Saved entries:
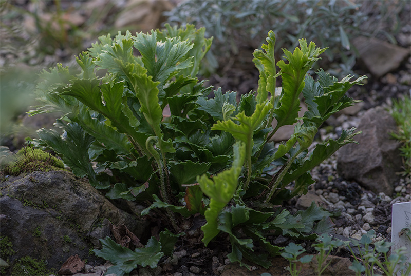 Es soll eine neue Selektion sein. Die Stiele sind schwarz, bei den zwei Pflanzen vorher blieben sie, wenn ich mich recht entsinne, dunkelgrün, auch am ausgewachsenen Wedel. Die zwei Exemplare vorher waren auch mit bis -12 winterhart ausgeschildert, hatten nach dem Winter arge Mühe, in die Gänge zu kommen, auch die nicht so kalten Winter der letzten Jahre setzen ihnen zu.
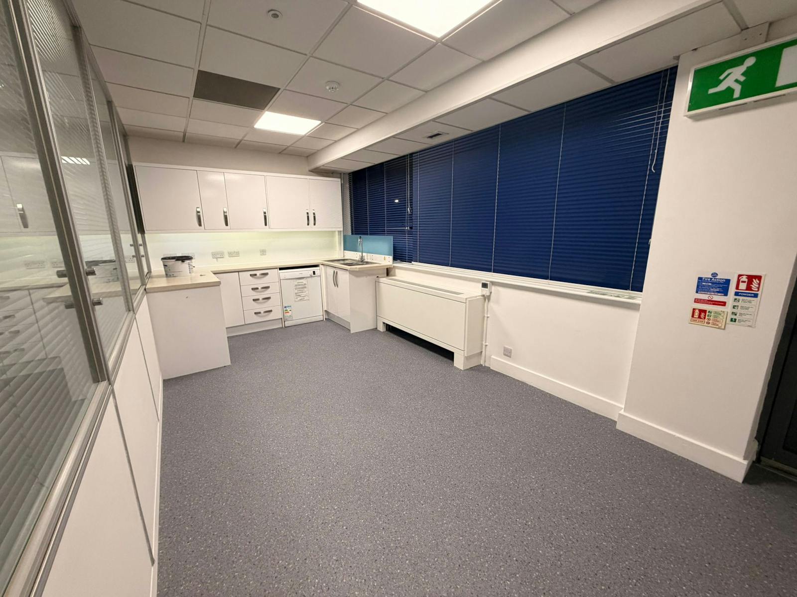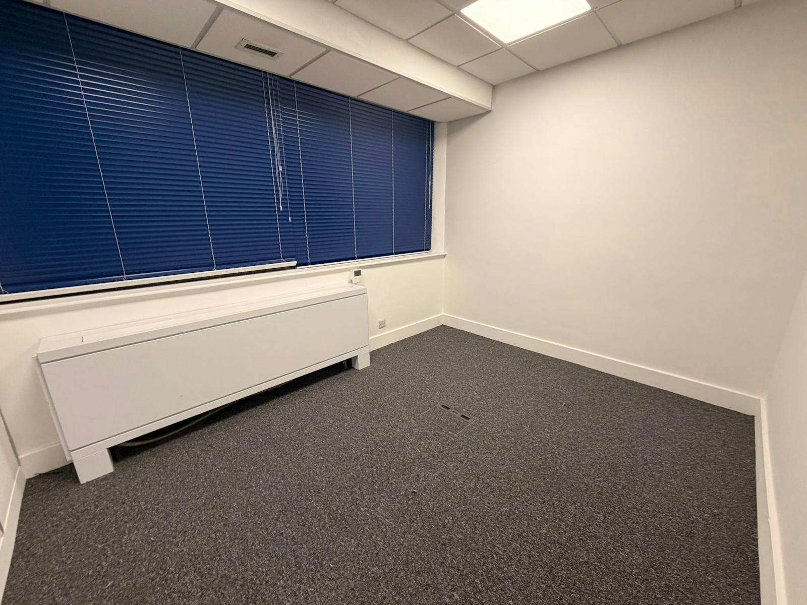 This office space is on the ground floor of a prestigious building, featuring air conditioning (not tested), a suspended ceiling with lights, double glazing, and a kitchenette. Each floor has WC facilities, access to two passenger lifts, and allocated parking. All of the office suites are fully refurbished to a high level.
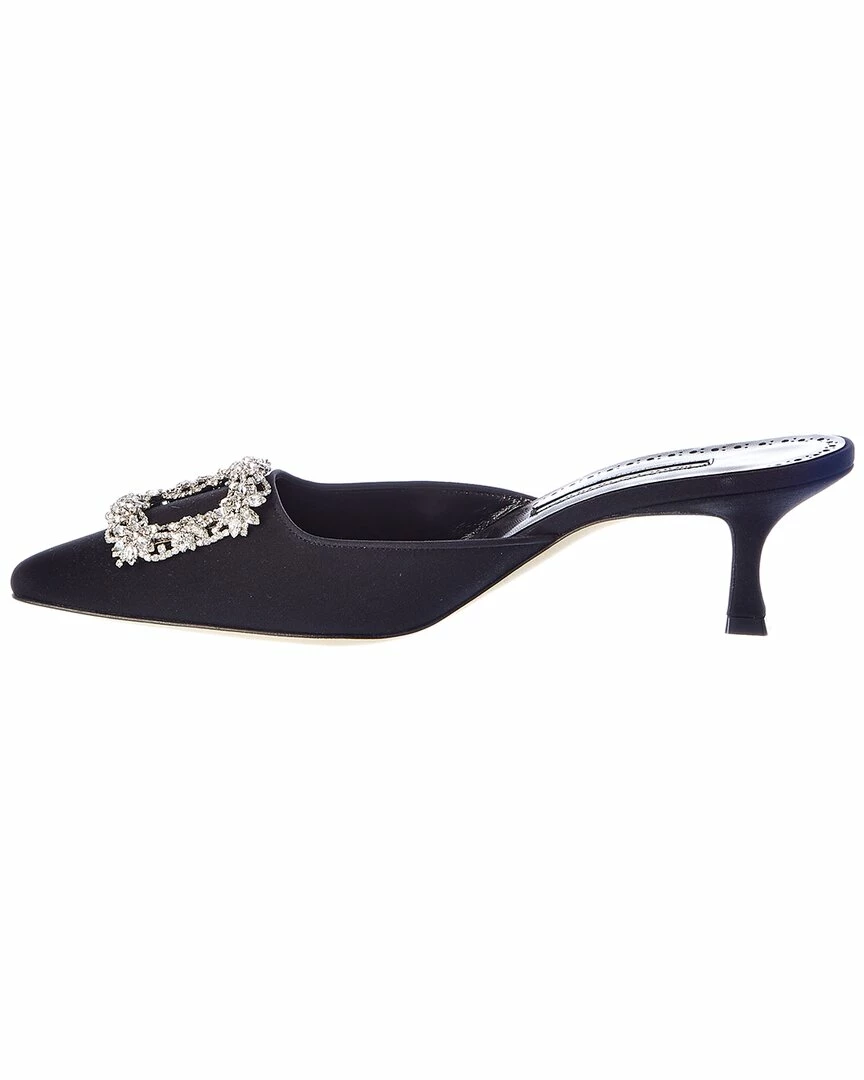 - Maysale 50 Silk Pump In Black Silk With Crystal-Embellished Buckle
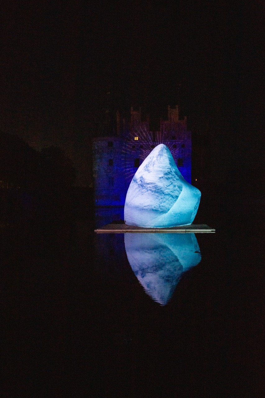ILULIAQ (iceberg), Jessie Kleemann, 2024. Caoutchouc, polyester, souffleur électrique, minuterie, câble électrique
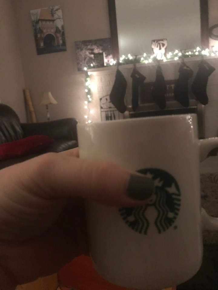 Sunday morning was the first coffee with the tree up.  I did some meal prep for the week, my mom and I went to Costco, we went to the hospital.  I left my mom there while I did lunch for my boys, they had a friend over, I went back to the hospital with treats for my parents, took friend home, then made dinner.  Whew!
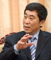 中國華電集團公司總經(jīng)理曹培璽在接受記者采訪。 王飛 攝 |
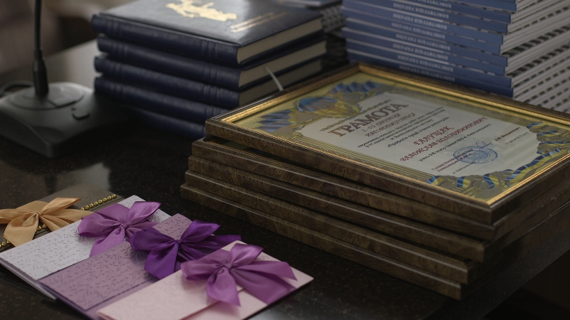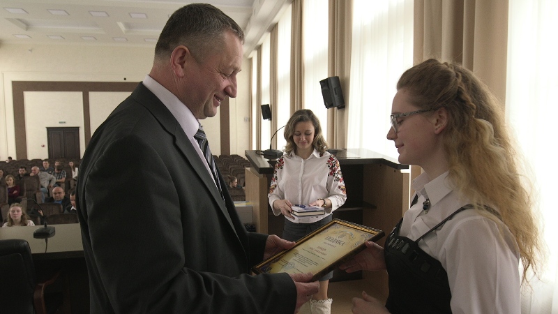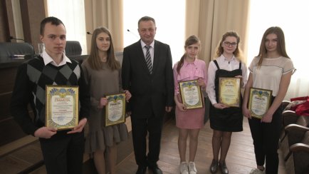 Отож, грамоту голови Апеляційного суду Хмельницької області, подарунки і віншування з І місцем у конкурсі творчих робіт (есе) «Професія судді очима школярів» приймав учень 9-В класу Гімназії №2 Владислав Галущак, котрому журі віддали 73 бали.

What the exercise asks:
Please repeat every record exactly, leaving the pictures out.

Your solution:
 Es soll eine neue Selektion sein. Die Stiele sind schwarz, bei den zwei Pflanzen vorher blieben sie, wenn ich mich recht entsinne, dunkelgrün, auch am ausgewachsenen Wedel. Die zwei Exemplare vorher waren auch mit bis -12 winterhart ausgeschildert, hatten nach dem Winter arge Mühe, in die Gänge zu kommen, auch die nicht so kalten Winter der letzten Jahre setzen ihnen zu.
 This office space is on the ground floor of a prestigious building, featuring air conditioning (not tested), a suspended ceiling with lights, double glazing, and a kitchenette. Each floor has WC facilities, access to two passenger lifts, and allocated parking. All of the office suites are fully refurbished to a high level.
 - Maysale 50 Silk Pump In Black Silk With Crystal-Embellished Buckle
ILULIAQ (iceberg), Jessie Kleemann, 2024. Caoutchouc, polyester, souffleur électrique, minuterie, câble électrique
 Sunday morning was the first coffee with the tree up.  I did some meal prep for the week, my mom and I went to Costco, we went to the hospital.  I left my mom there while I did lunch for my boys, they had a friend over, I went back to the hospital with treats for my parents, took friend home, then made dinner.  Whew!
 中國華電集團公司總經(jīng)理曹培璽在接受記者采訪。 王飛 攝 |
 Отож, грамоту голови Апеляційного суду Хмельницької області, подарунки і віншування з І місцем у конкурсі творчих робіт (есе) «Професія судді очима школярів» приймав учень 9-В класу Гімназії №2 Владислав Галущак, котрому журі віддали 73 бали.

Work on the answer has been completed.